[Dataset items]
-- Opening Marker --
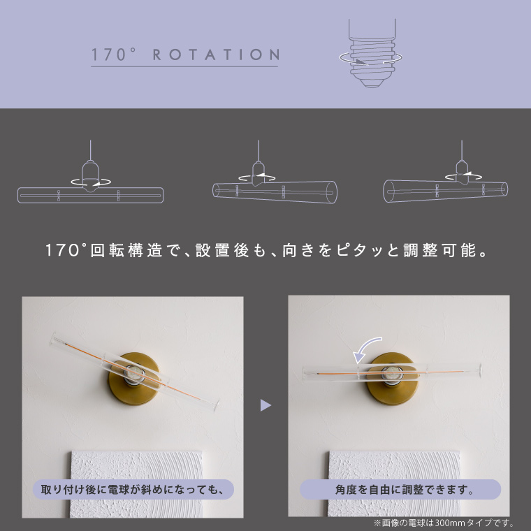 口金上のパーツ部分が約170度回転するので、照明器具に取り付けたあとでも電球の向きを微調整可能。壁付け・縦付け・斜め付けなど多様な設置スタイルに対応できます。
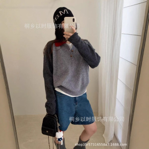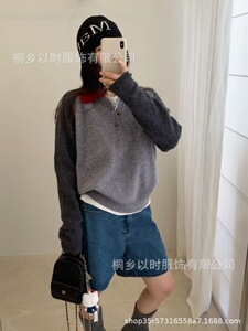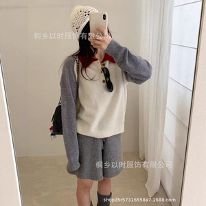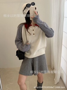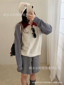 以时 羊毛撞色Polo领长袖针织衫女 2025秋冬新款韩系简约毛衣女
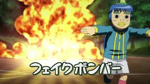 As their opponent dribbles with the ball, the user quickly runs past them, switching the ball with a fuse bomb. They then see the bomb resting on their right foot, shocking them as they kick it away, abruptly exploding as the user dribbles away in the distance, successfully stealing the ball from them.
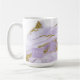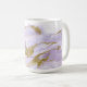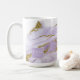 Este diseño a medida, con una tinta de alcohol abstracta en tonos de lavanda suave a violeta lila con acentos dorados brillantes, es perfecto para una boda romántica y elegante. El diseño coordinado de tazas de café que se muestra aquí proporciona una plantilla para añadir fácilmente sus iniciales y fecha de boda. Buscar ID990 para ver otras piezas en este conjunto de bodas coordinado.
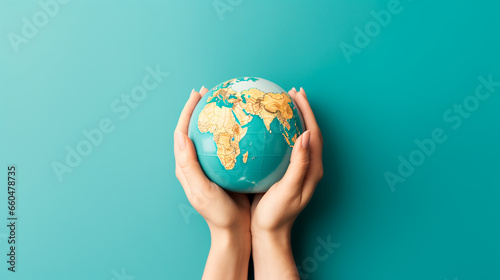 Earth globe in woman's hands on a blue background. ai generative
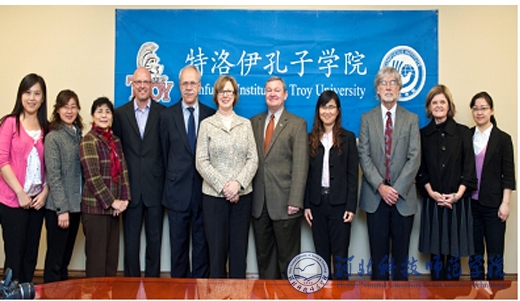 2011年10月6日,美国特洛伊大学专门为半岛online(中国)赴美任教的周红玉、邢杰、裴艳丽、孙国欣四位老师举行了欢迎仪式。特洛伊大学第一副校长英格拉姆博士,助理副校长波特博士、微兹拉克博士以及孔子学院美方院长徐弘博士、中方院长陈晓枫副教授等出席欢迎仪式。
-- Closing Marker --
- _WORK ITEM_
Using the entries above, reproduce word for word only the lines from the one that contains "以时 羊毛撞色Polo领长袖针织衫女 2025秋冬新款韩系简约毛衣女" to the one that contains "As their opponent", both ends included, and drop every picture.

- _TASK OUTPUT_
 以时 羊毛撞色Polo领长袖针织衫女 2025秋冬新款韩系简约毛衣女
 As their opponent dribbles with the ball, the user quickly runs past them, switching the ball with a fuse bomb. They then see the bomb resting on their right foot, shocking them as they kick it away, abruptly exploding as the user dribbles away in the distance, successfully stealing the ball from them.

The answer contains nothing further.